Остров Буян | страница 84



– Пропадешь ты, Иванушка. Взрос бы таким молодцом, поженился бы на красотке, ан нет – загубишь себя ни за что… Завелися деньги, купил бы сеть – с того б и за рыбу взялся… – говорила бабка.

– А что мне рыба? Все та же покража: поймают и шею свернут… Коли рыбачить, так откуп взять, чтобы сеть отымать приказчики не посмели.

И Иванка решил в последний раз взяться за кражу, чтобы покончить с ней навсегда…

Еще когда Иванка ходил рыбачить с плотов, по дороге он часто встречал табун сытых, рослых коней богача Емельянова или мохнатых и коренастых быстроногих лошадей стольника Ордина-Нащекина – лучших двух коноводов Пскова. Они выгоняли коней в ночное за город. Но тем и другим по красе и статности почти равны были великолепные отборные из города и уезда «царские» коники, которых выкармливал Мирожский монастырь. Эти кони, предназначенные для драгунских полков и данные на корм и воспитание монастырю, восхищали Иванку. Он завидовал монастырским служкам, скакавшим на этих конях для забавы, чтобы не спать в ночном. Кони эти также паслись в завелицких лугах вдоль берега. Нередко случалось и так, что конское фырканье раздавалось рядом с Иванкой у самого костра и сторожа табуна на его огоньке пекли яйца или просили горячих углей, чтобы разжечь свой костер… Когда проходил Иванка через один из табунов, собаки, привыкнув, не лаяли на него. Иногда случалось даже и так, что какой-нибудь пес, жадно уставившись взглядом Иванке в рот, выпрашивал у него корку хлеба или грудочку житной каши, взятой для рыбьей приманки…

Иванка задумал свести из ночного коня.

«Яблочки золотые, жар-птица… теперь – сивка-бурка – совсем как Иван-царевич!» – с усмешкой сказал он себе.

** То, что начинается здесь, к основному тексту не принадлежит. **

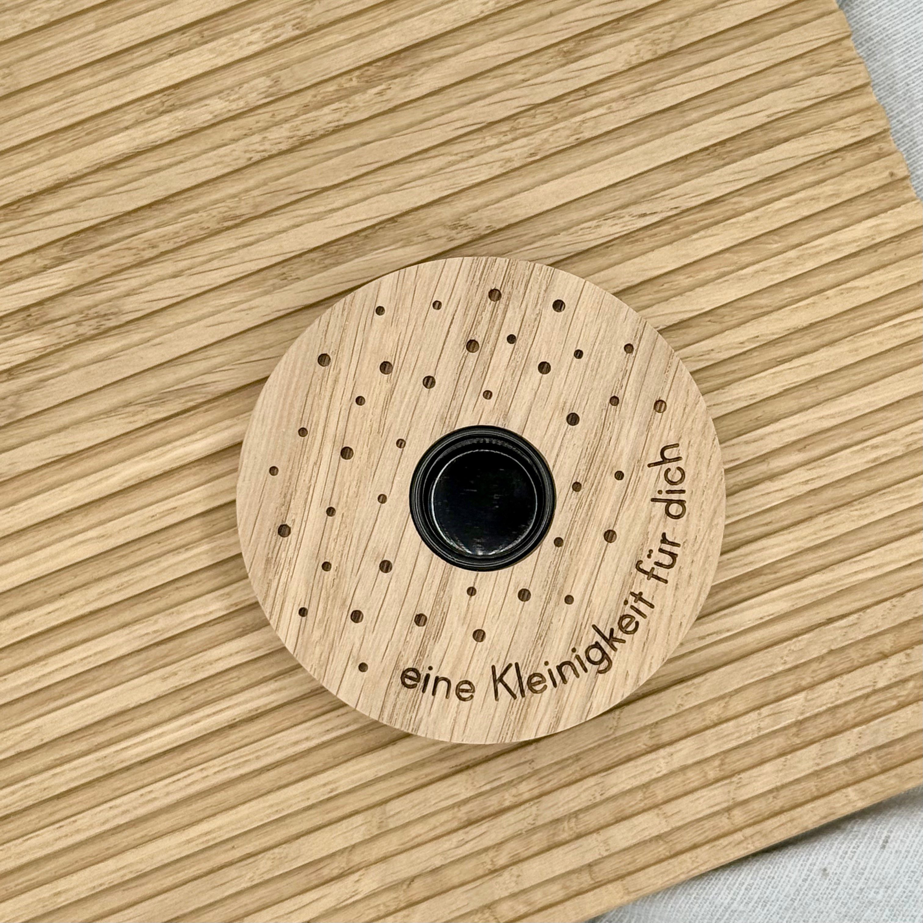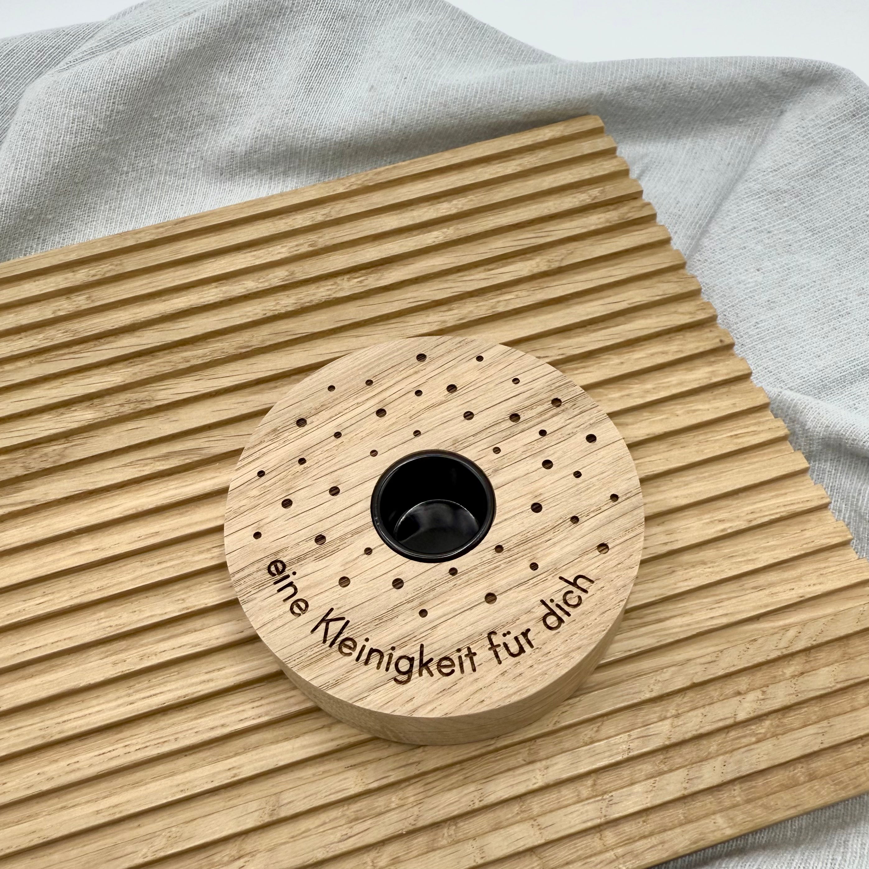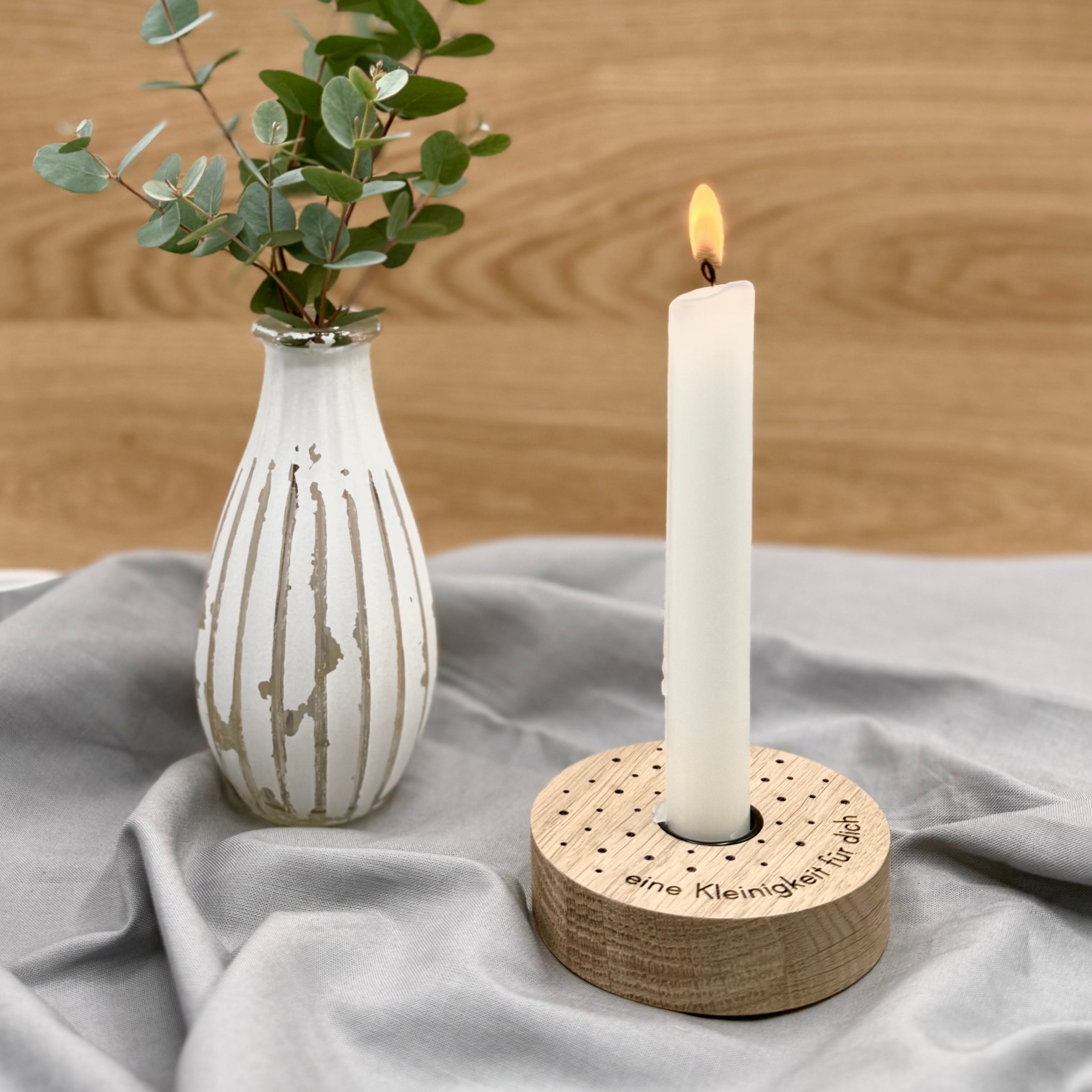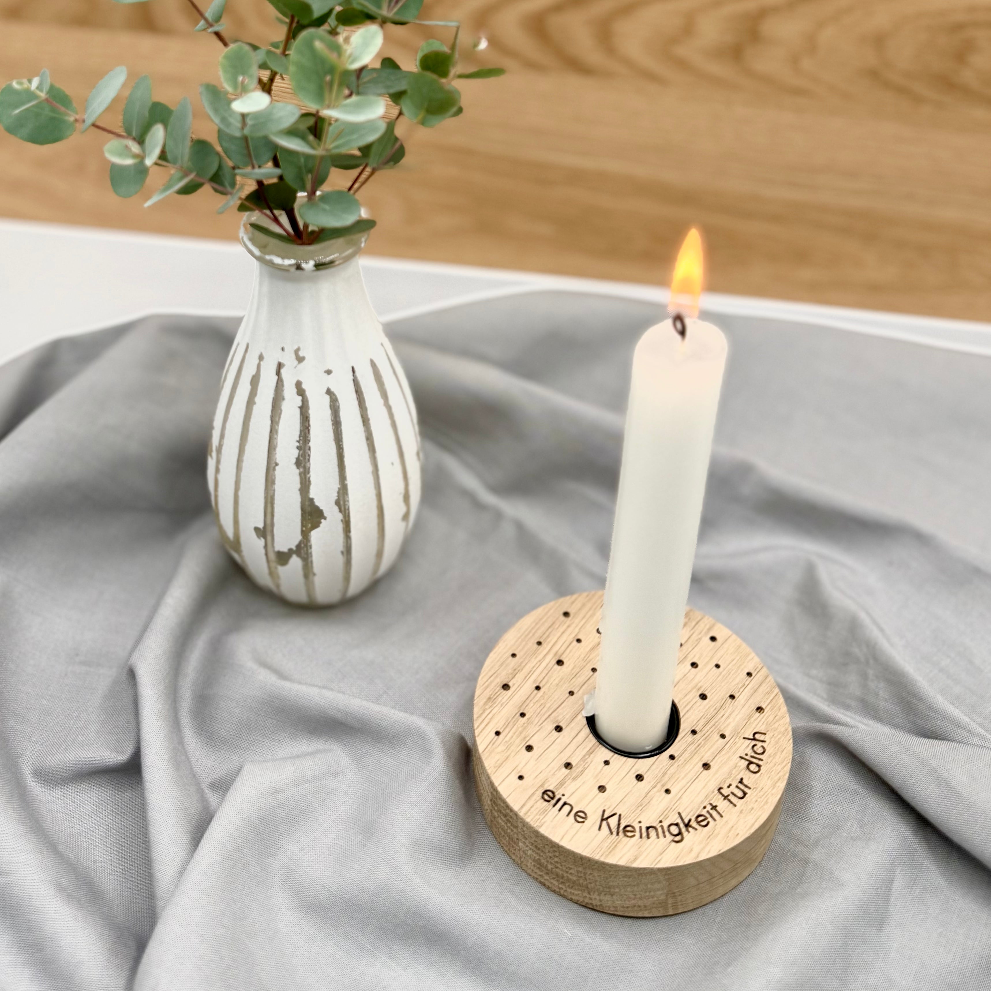 Kerzenhalter aus Eiche mit liebevoller Botschaft.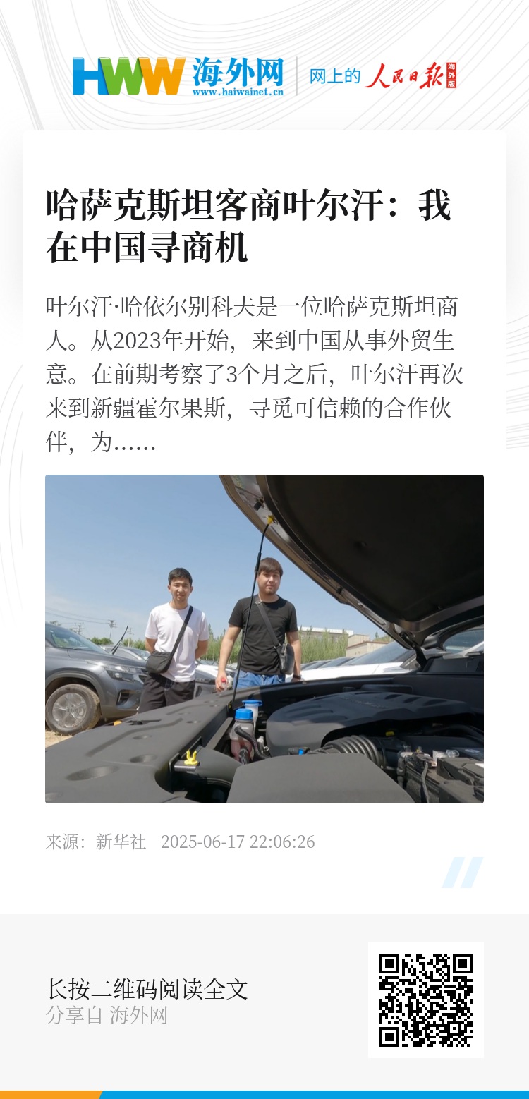 叶尔汗·哈依尔别科夫是一位哈萨克斯坦商人。从2023年开始,来到中国从事外贸生意。在前期考察了3个月之后,叶尔汗再次来到新疆霍尔果斯,寻觅可信赖的合作伙伴,为哈萨克斯坦引进优质商用车。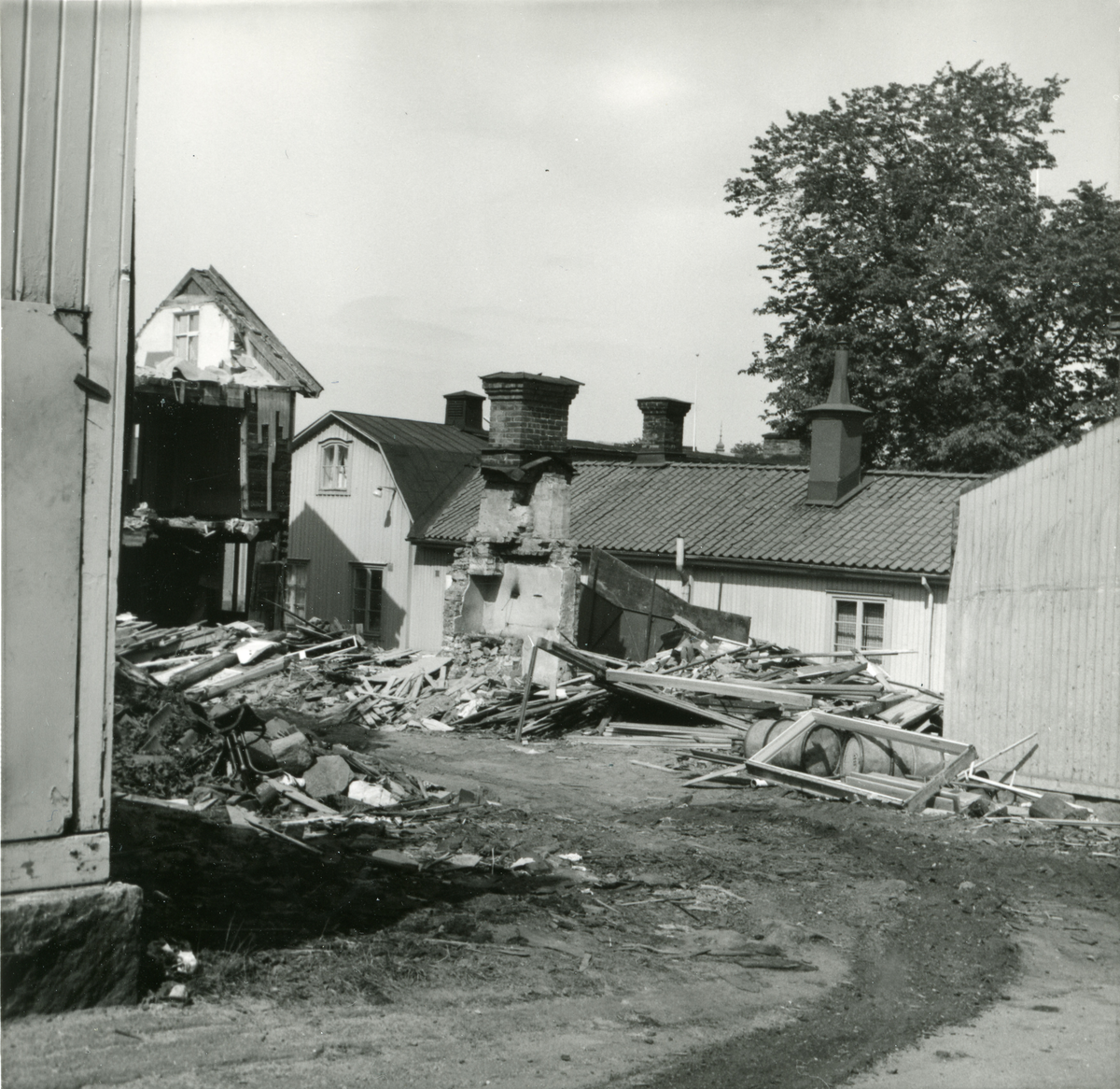 Rivningshus i kvarteret Kyrkbacken 2, Hudiksvall. I bakgrunden syns Prästgården.

Втайне от всей ватаги готовился он к этому опасному делу. Ребята звали его на ночной промысел по курятникам, но он отказался.

– Будет с меня. Еще попадешь, как кочет в лапшу!

«Халдеи», удивленные внезапной робостью своего атамана, презрительно сплевывали сквозь зубы, но, получив два-три раза отказ, перестали и звать Иванку.

Он выбрал пору темных безлунных ночей и уселся ждать с вечера на берегу Великой. Сердце его гулко стучало: на лугу раздался топот коней, ближе послышалось фырканье, и прозвенело тонкое, нежное ржанье… Пальцы Иванки судорожно распутали уздечку, которой он был подпоясан, как кожаным кушаком, и большой ломоть свежего хлеба из-под рубахи вывалился на траву. Иванка его подобрал и без мысли поднес ко рту, но вдруг вспомнил, что он припасен для другого… Сунув опять за пазуху вкусный, душистый хлеб, он стал ожидать…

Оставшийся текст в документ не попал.